SpaceX VTOL rocket "Grasshopper" hops 5.4m - someperson
http://www.youtube.com/watch?v=n-VjaBSSnqs&feature=youtu.be

======
someperson
This follows from the first test flight in late-September
<http://www.youtube.com/watch?v=pzXlUw2WhcE>.

> "Testing of Grasshopper continues, with the next big milestone -- a hover at
> roughly 100 feet -- expected in the next several months."

This is preparation for the vertical take-off and landing (VTOL) rocket SpaceX
wants to build <https://www.youtube.com/watch?v=sWFFiubtC3c>

And the reason why they're doing this: [http://www.space.com/13140-spacex-
private-reusable-rocket-el...](http://www.space.com/13140-spacex-private-
reusable-rocket-elon-musk.html)

> But a fully reusable rocket could change the equation dramatically.
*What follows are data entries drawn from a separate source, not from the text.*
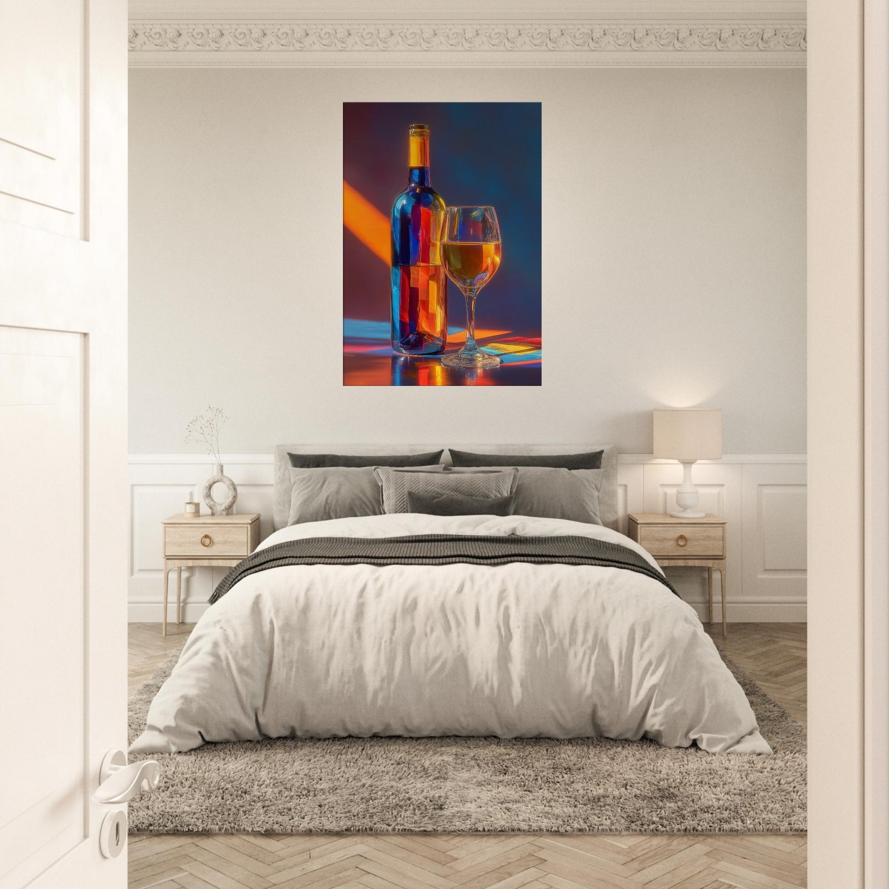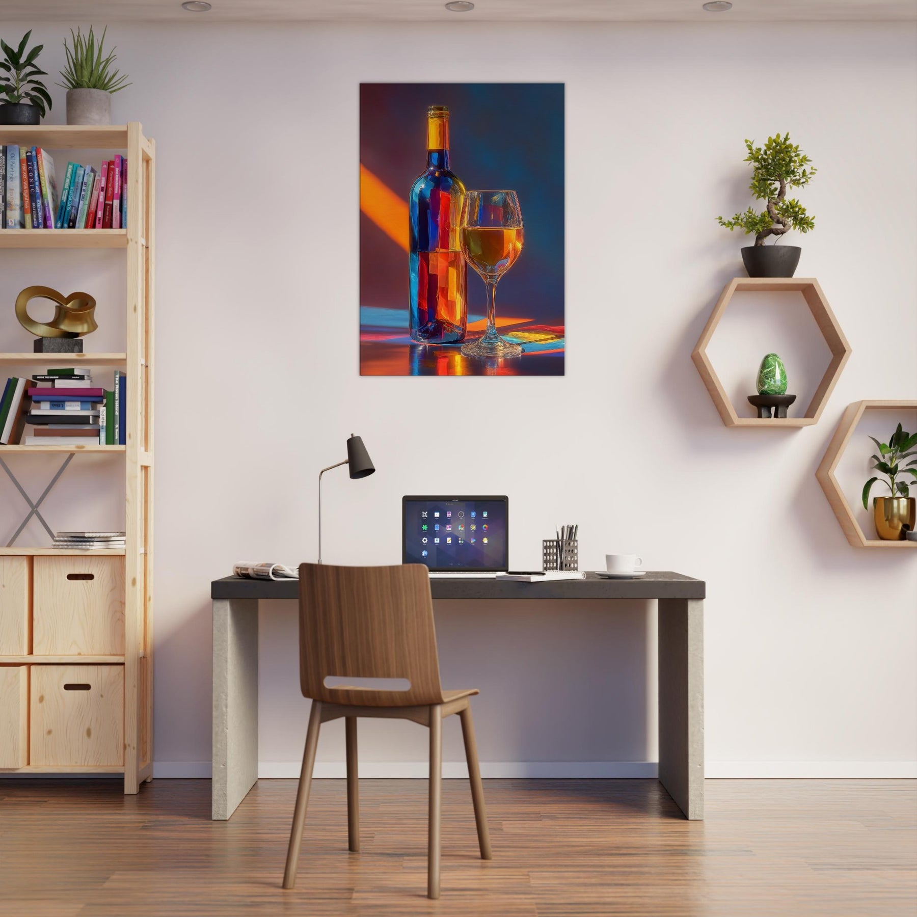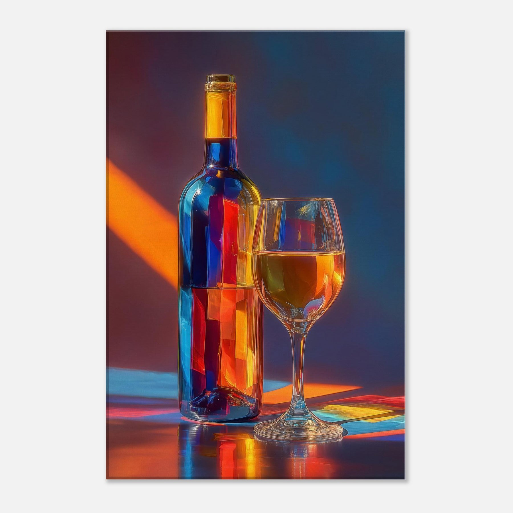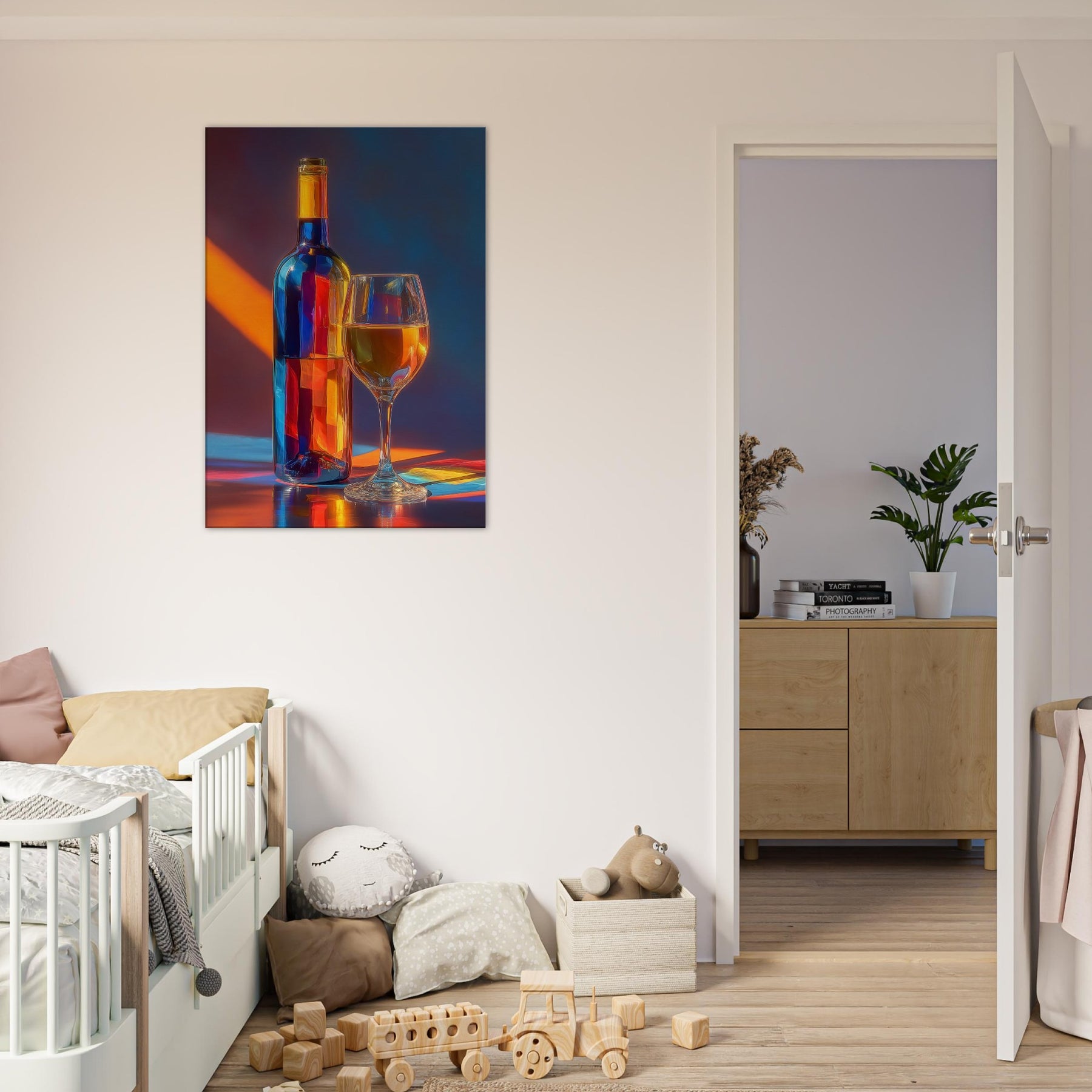 Wine Bottle and Glass glows with a kinetic warmth, turning a simple still life into a chorus of color. The abstract facets refract amber, cobalt, and ruby into a soft, inviting radiance that lingers on walls and surfaces. This piece invites quiet contemplation, while its luminous edges energize a dining nook, living room, or entry hall. Let the scene conjure intimate gatherings and effortless sophistication, as if a toast could be shared across space and time within the frame.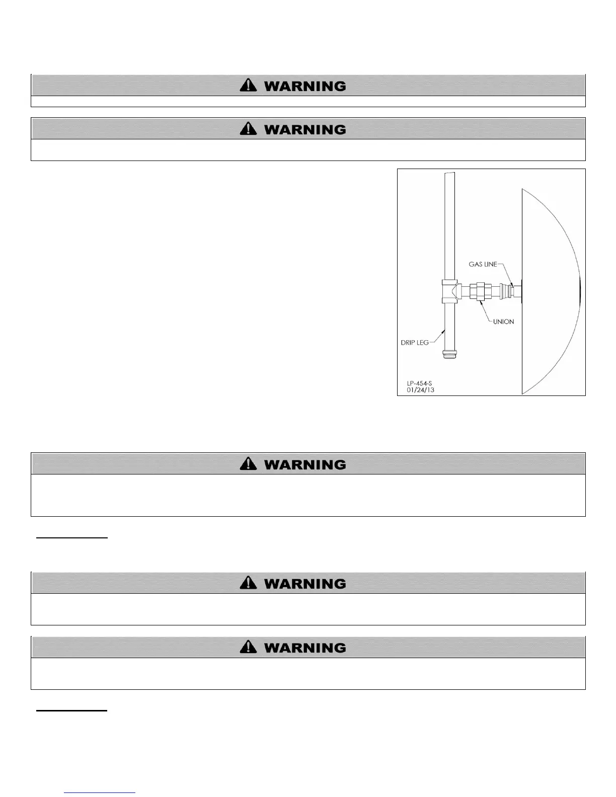 male pipe ends, leaving the two end threads bare. Failure to follow these instructions could result in gas leakage, and result in fire,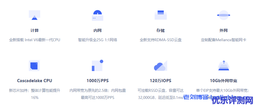 快杰云主机,性能、存储、网络,唯快不破顶配旗舰,一流硬件,怪兽性能。老刘这里贴张图来展示下UCloud的这款高性能云服务器快杰云主机的性能特点。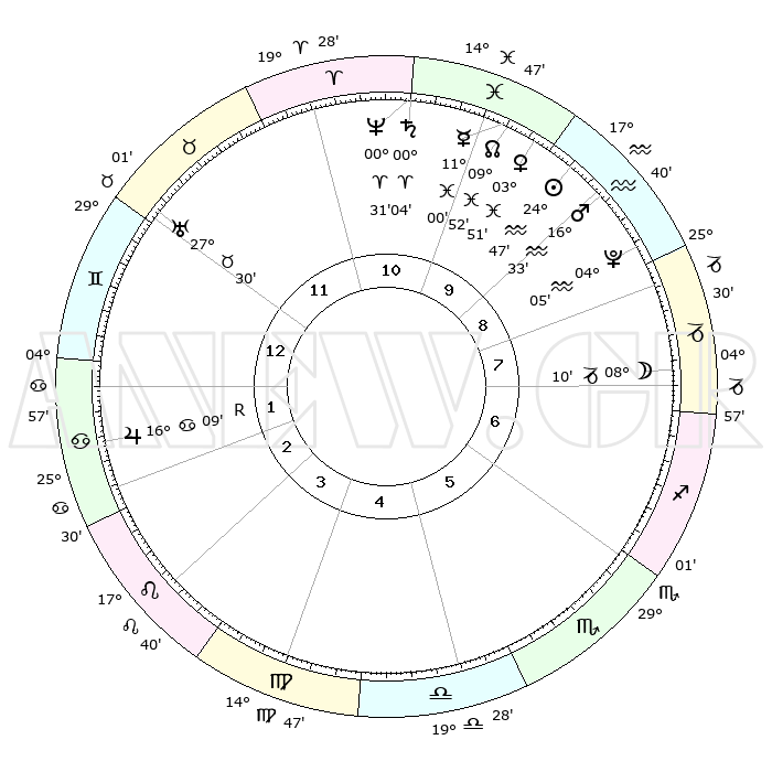 | | ΘΕΣΕΙΣ ΠΛΑΝΗΤΩΝ ΑΣΤΡΟΛΟΓΙΚΟΥ ΧΑΡΤΗ ΤΗΣ ΣΤΙΓΜΗΣ ΑΥΤΗΣ | | | | Πλανήτης | Ζώδιο | Μοίρες | Δεκαήμ. | Σε οίκο | Απόκλιση | | Ακμές των οίκων | | Ηλιος | Υδροχόος | 24°43' | Τρίτο | 10 | 13 S 17 | | 1ος | 08°47' | Δίδυμοι | | Σελήνη | Αιγόκερως | 07°15' | Πρώτο | 8 | 27 S 52 | | 2ος | 01°58' | Καρκίνος | | Ερμής | Ιχθείς | 10°54' | Δεύτερο | 10 | 07 S 45 | | 3ος | 23°12' | Καρκίνος | | Αφροδίτη | Ιχθείς | 03°46' | Πρώτο | 10 | 11 S 30 | | 4ος | 16°43' | Λέων | | Αρης | Υδροχόος | 16°29' | Δεύτερο | 9 | 16 S 55 | | 5ος | 16°46' | Παρθένος | | Δίας | Καρκίνος | 16°09'R | Δεύτερο | 2 | 22 N 47 | | 6ος | 26°23' | Ζυγός | | Κρόνος | Κριός | 00°03' | Πρώτο | 11 | 01 S 57 | | 7ος | 08°47' | Τοξότης | | Ουρανός | Ταύρος | 27°30' | Τρίτο | 12 | 19 N 25 | | 8ος | 01°59' | Αιγόκερως | | Ποσειδώνας | Κριός | 00°31' | Πρώτο | 11 | 01 S 00 | | 9ος | 23°12' | Αιγόκερως | | Πλούτωνας | Υδροχόος | 04°05' | Πρώτο | 9 | 22 S 57 | | 10ος | 16°43' | Υδροχόος | | Β. Δεσμός | Ιχθείς | 09°52' | Πρώτο | 10 | 07 S 52 | | 11ος | 16°46' | Ιχθείς | | Ωροσκόπος | Δίδυμοι | 08°47' | Πρώτο | | | 12ος | 26°23' | Κριός | | Μεσουράνημα | Υδροχόος | 16°43' | Δεύτερο | | | |

Musk
> illustrated the point by citing SpaceX's Falcon 9, which costs between $50
> million to $60 million per launch in its current configuration.

> "But the cost of the fuel and oxygen and so forth is only about $200,000,"
> Musk said."So obviously, if we can reuse the rocket, say, a thousand times,
> then that would make the capital cost of the rocket for launch only about
> $50,000."